> **Task requirements**
Reproduce the listing that follows character for character, excluding its pictures.

> **Data extract**

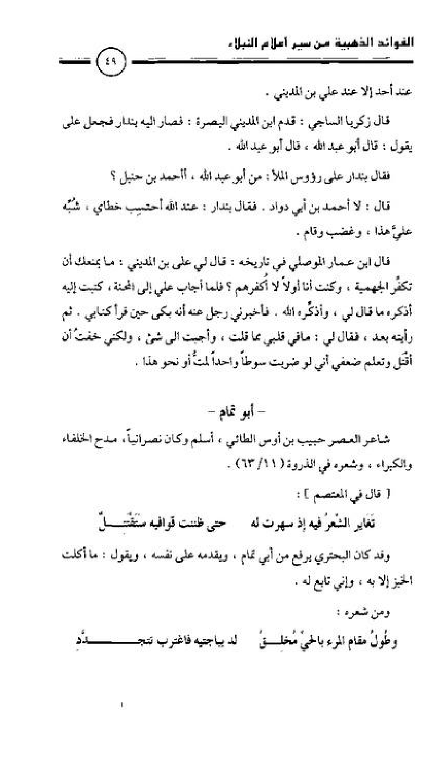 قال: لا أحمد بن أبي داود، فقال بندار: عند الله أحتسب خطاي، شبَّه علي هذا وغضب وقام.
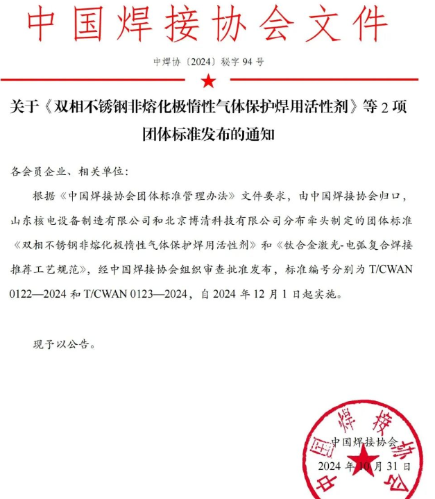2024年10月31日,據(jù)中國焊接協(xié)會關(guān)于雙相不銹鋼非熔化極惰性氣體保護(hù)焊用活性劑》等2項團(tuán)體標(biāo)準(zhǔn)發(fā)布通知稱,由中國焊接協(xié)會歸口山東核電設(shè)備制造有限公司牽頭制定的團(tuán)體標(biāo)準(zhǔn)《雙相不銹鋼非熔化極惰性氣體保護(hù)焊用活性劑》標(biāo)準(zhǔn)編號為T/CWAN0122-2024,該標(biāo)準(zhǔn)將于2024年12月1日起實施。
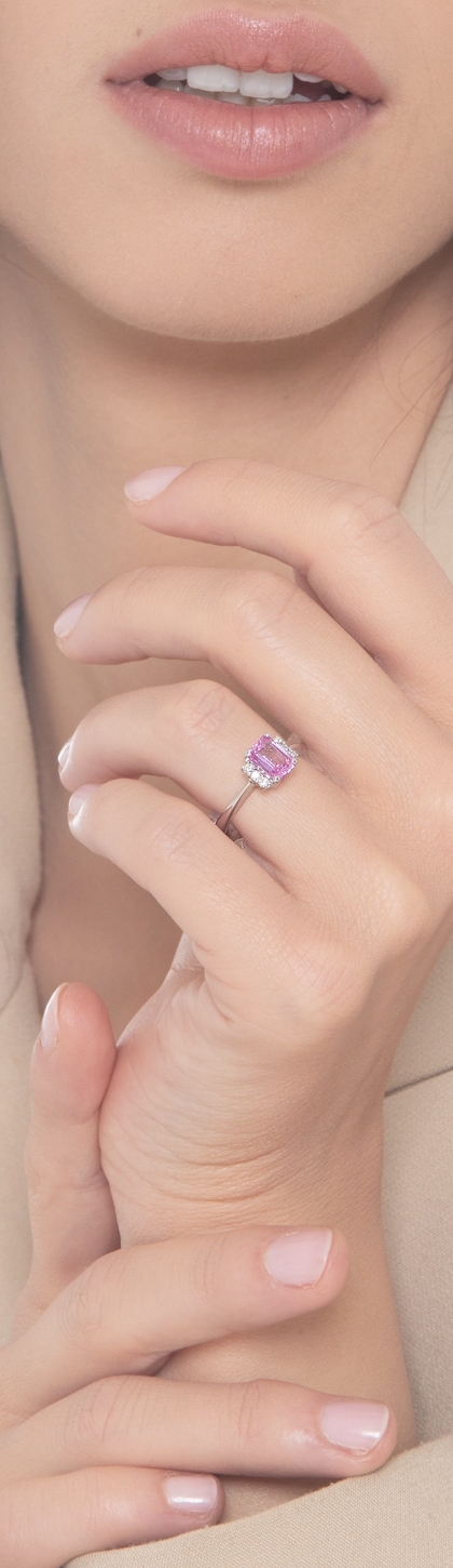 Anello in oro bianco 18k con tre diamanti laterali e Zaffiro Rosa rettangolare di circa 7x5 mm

> **Task response**
 قال: لا أحمد بن أبي داود، فقال بندار: عند الله أحتسب خطاي، شبَّه علي هذا وغضب وقام.
2024年10月31日,據(jù)中國焊接協(xié)會關(guān)于雙相不銹鋼非熔化極惰性氣體保護(hù)焊用活性劑》等2項團(tuán)體標(biāo)準(zhǔn)發(fā)布通知稱,由中國焊接協(xié)會歸口山東核電設(shè)備制造有限公司牽頭制定的團(tuán)體標(biāo)準(zhǔn)《雙相不銹鋼非熔化極惰性氣體保護(hù)焊用活性劑》標(biāo)準(zhǔn)編號為T/CWAN0122-2024,該標(biāo)準(zhǔn)將于2024年12月1日起實施。
 Anello in oro bianco 18k con tre diamanti laterali e Zaffiro Rosa rettangolare di circa 7x5 mm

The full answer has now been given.